Search of document databases, as supported for example by commercial services such as Dialog, Lexis-Nexis, and Derwent or by World-Wide Web search engines such as Altavista, Lycos, and Infoseek, is not usually a one-step process. Rather, successful searches, in the overwhelming majority of cases, involve user iteration over a sequence of operations. Typical operations include the ones listed in Table 1.

Users can have various goals when performing a search. Among the possible goals are:

As a search session proceeds, the user's goals may change. For example, upon obtaining a surprising answer to her specific question, a user might next enter exploratory mode in order to understand the answer and finally move to quotation mode in order to find the best way to explain the answer to her students and colleagues.

Table 1. Operations performed during document database search
formulate information requirement
select a document collection ("file", "category", "source", etc.)
*map information requirement to query terms
*enter a query
*expand query with additional query terms
*process query
read hitlist of resulting documents
*match hitlist items to query terms
read summaries of hitlist documents
retrieve and read hitlist documents
*find relevant query terms in documents
find relevant domain concepts in documents
*map new domain concepts to additional query terms

The starred items in Table 1 illustrate the fact that queries, which express the user's information requirements, are central to most of the search process operations. Users focus most of their attention and energy on the creation of queries which adequately express their requirements and which will effectively retrieve documents which meet their goals. In practice, this means that users work very hard to come up with query terms which express the concepts that they want to find, exemplify, or explore.

During most search process, a query will be written, expanded, issued, matched to documents, re-formulated, and re-issued many times. Successful document retrieval systems must therefore provide not only good document-management functions but also good query-management functions. Included in the query-management functions must be a good set of facilities for expanding and refining queries, for keeping track of query modifications, and for helping the user understand the effect these modifications have on queries' effectiveness at retrieving documents which meet the information requirement.

This paper describes an approach to query expansion and query refinement which employs active user interface objects to prompt users with query terms which are likely to be productive. A central role in our approach is played by collection-specific vocabularies which are used as the source of the query terms with which users are prompted.

Section 2 of the paper describes out approach to query modification and contrasts it with previous methods described in the literature.

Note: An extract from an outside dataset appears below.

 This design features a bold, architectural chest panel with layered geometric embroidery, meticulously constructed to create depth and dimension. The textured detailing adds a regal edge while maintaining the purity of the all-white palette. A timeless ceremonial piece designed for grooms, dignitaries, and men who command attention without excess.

Section 3 describes the user interface architecture that provides access to the system's facilities, with special attention being paid to facilities for query modification. Section 4 gives a brief overview of the text analysis mechanisms used to derive the collection-specific vocabularies. Finally, section 5 summarizes the current status of the work and describes future activities based on the ideas presented here.

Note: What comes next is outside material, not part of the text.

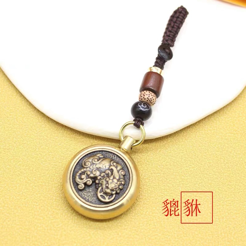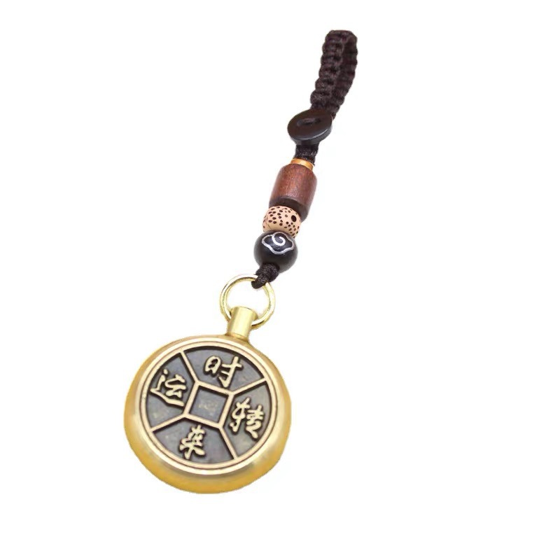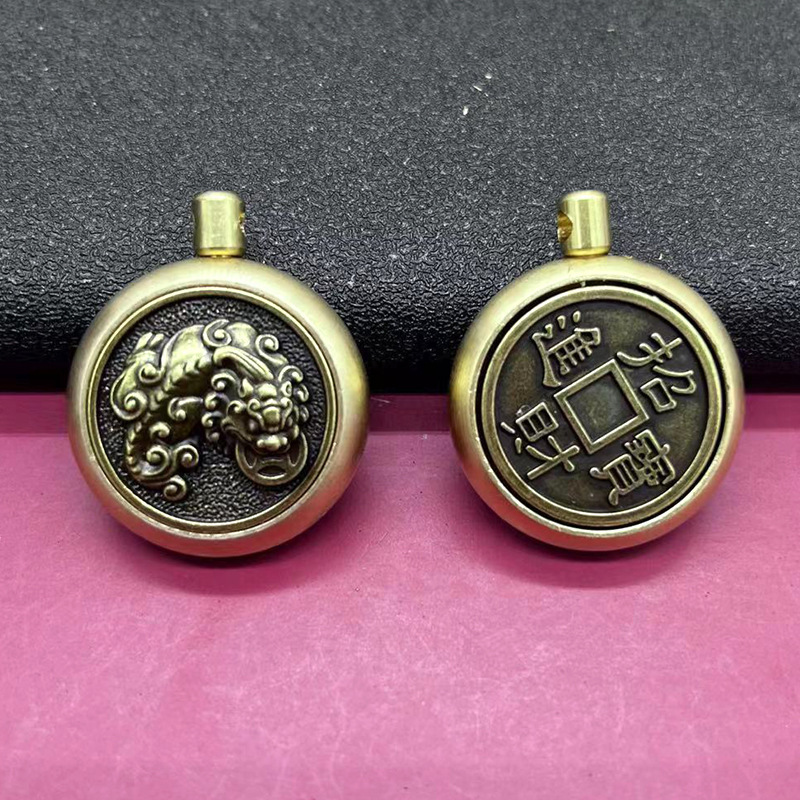 행운의 돈을 보물 돈으로 실행하는 황동 시간 Pixiu 키 체인 자동차 펜던트 양면 회전 펜던트 장식

2. An Approach to Query Refinement

The problem of guiding a user to formulate useful queries to obtain useful results from large data collections has been widely studied. Local feedback was utilized by Buckley [Buckley, et. al., 1996] and Xu and Croft, [Xu & Croft, 1996] utilized local feedback and local context analysis using the most frequent 50 terms and 10 two-word phrases from the top ranked documents to perform query expansion.

This problem becomes more involved when we include the difficulty of providing a simple user interface suitable for infrequent use by non-technical users. Envision is one such interface [Nowell, et. al., 1996] although it was designed primarily for use in searching technical journal collections. Another approach, termed Scatter/Gather [Hearst & Pedersen, 1996] emphasized clustering of similar documents into several subgroups in response to the initial query. Fireworks [Hendry & Harper, 1996] presents a unique scattered screen environment called SketchTrieve which allows manipulation of queries, documents, authors and results as separate, moveable windows.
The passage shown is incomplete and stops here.